(Dataset entries)
- - -
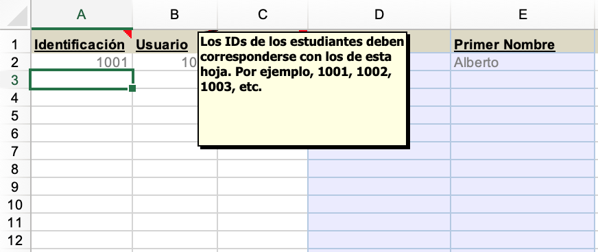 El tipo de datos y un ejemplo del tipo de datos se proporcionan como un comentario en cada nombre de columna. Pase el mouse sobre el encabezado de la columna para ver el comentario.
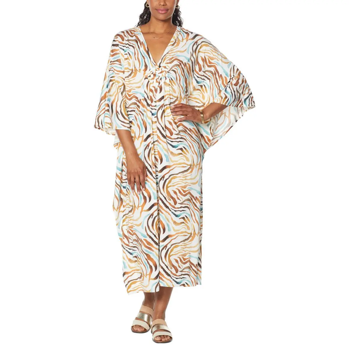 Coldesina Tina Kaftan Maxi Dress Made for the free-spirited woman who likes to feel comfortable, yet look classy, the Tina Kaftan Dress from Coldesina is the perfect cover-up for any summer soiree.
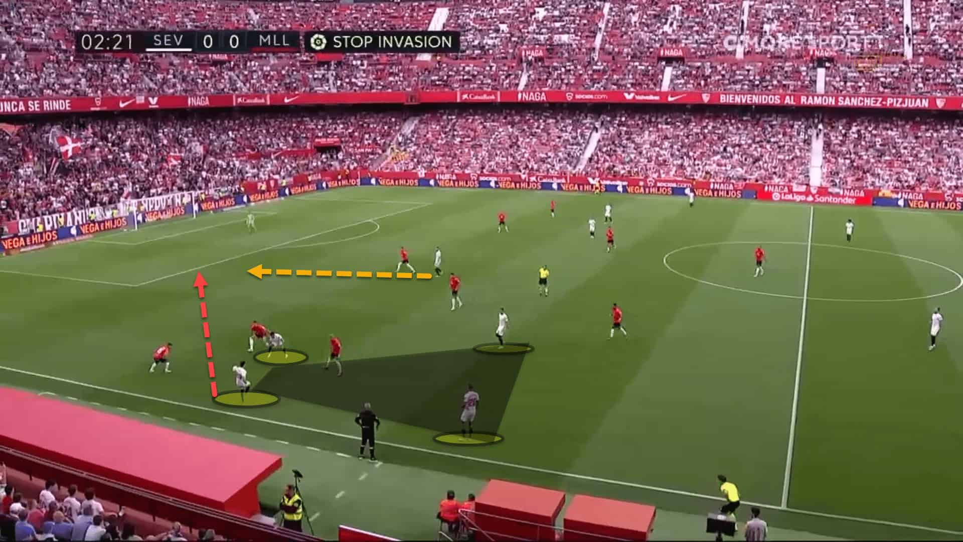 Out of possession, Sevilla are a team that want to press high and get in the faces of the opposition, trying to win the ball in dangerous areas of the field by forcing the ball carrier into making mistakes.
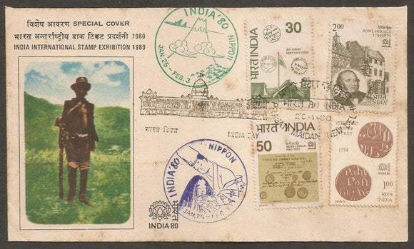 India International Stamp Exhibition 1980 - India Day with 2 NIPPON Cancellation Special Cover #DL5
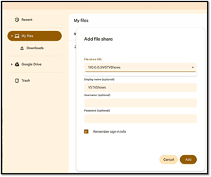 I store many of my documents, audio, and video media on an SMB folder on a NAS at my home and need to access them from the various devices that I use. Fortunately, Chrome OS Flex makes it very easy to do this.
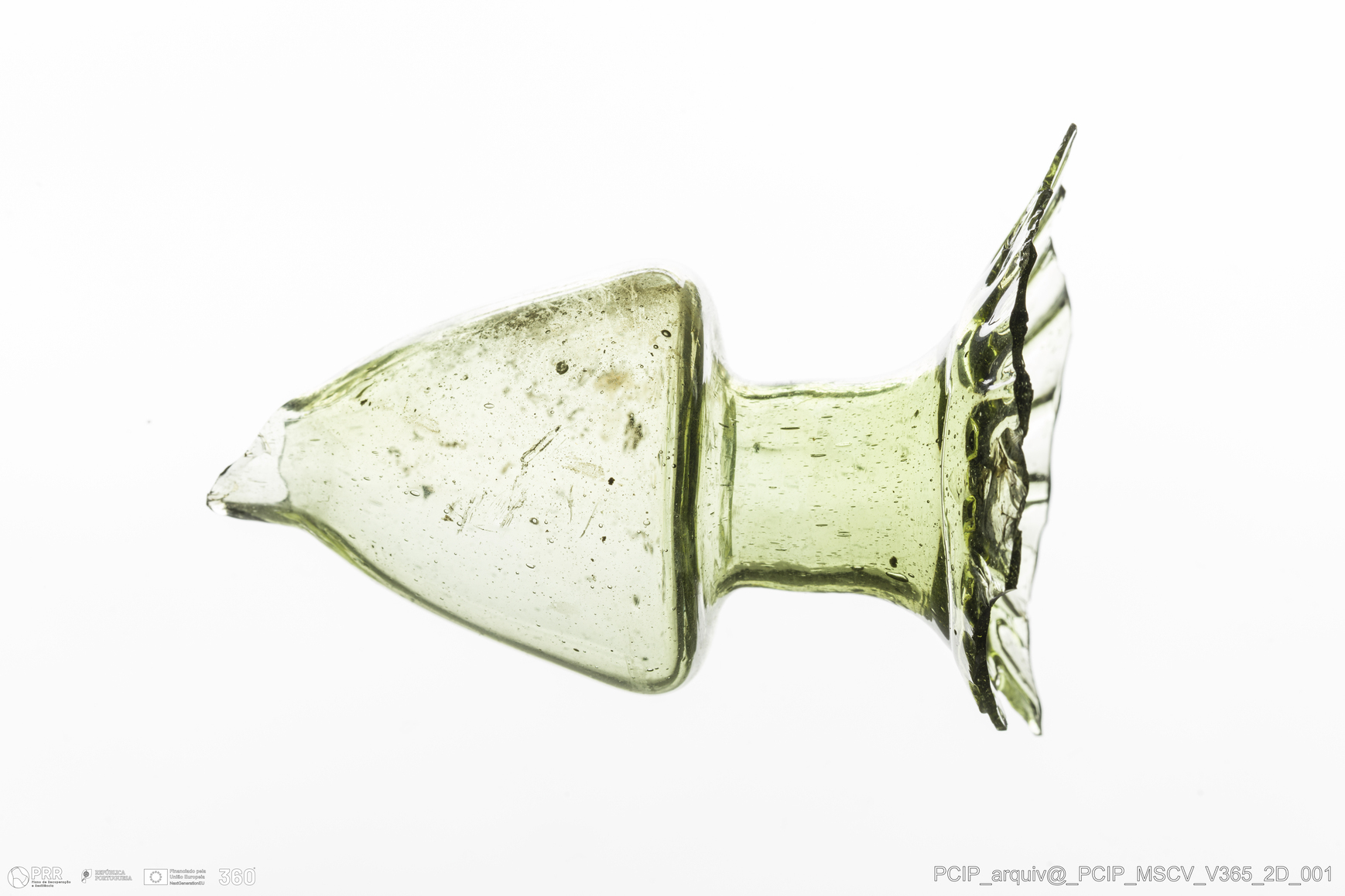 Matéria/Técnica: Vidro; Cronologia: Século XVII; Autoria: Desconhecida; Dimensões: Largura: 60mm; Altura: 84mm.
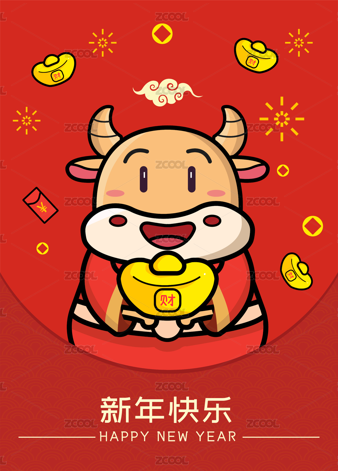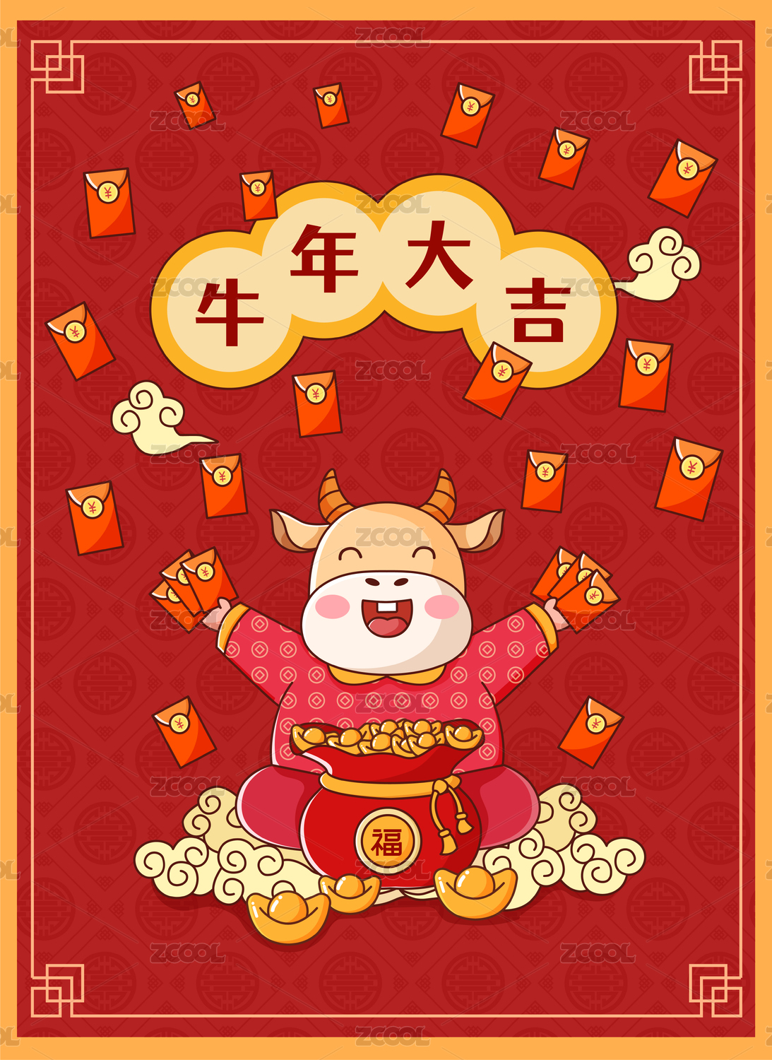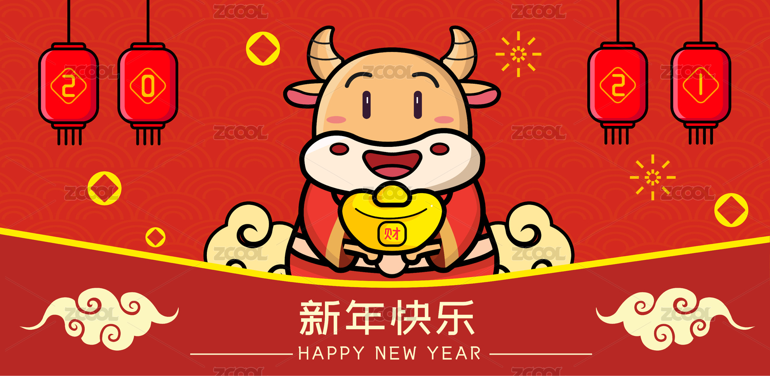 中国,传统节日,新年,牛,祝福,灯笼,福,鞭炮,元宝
- - -
ASSIGNMENT: Give back the data exactly, with no images.

REPLY TO THE EXERCISE:
 El tipo de datos y un ejemplo del tipo de datos se proporcionan como un comentario en cada nombre de columna. Pase el mouse sobre el encabezado de la columna para ver el comentario.
 Coldesina Tina Kaftan Maxi Dress Made for the free-spirited woman who likes to feel comfortable, yet look classy, the Tina Kaftan Dress from Coldesina is the perfect cover-up for any summer soiree.
 Out of possession, Sevilla are a team that want to press high and get in the faces of the opposition, trying to win the ball in dangerous areas of the field by forcing the ball carrier into making mistakes.
 India International Stamp Exhibition 1980 - India Day with 2 NIPPON Cancellation Special Cover #DL5
 I store many of my documents, audio, and video media on an SMB folder on a NAS at my home and need to access them from the various devices that I use. Fortunately, Chrome OS Flex makes it very easy to do this.
 Matéria/Técnica: Vidro; Cronologia: Século XVII; Autoria: Desconhecida; Dimensões: Largura: 60mm; Altura: 84mm.
 中国,传统节日,新年,牛,祝福,灯笼,福,鞭炮,元宝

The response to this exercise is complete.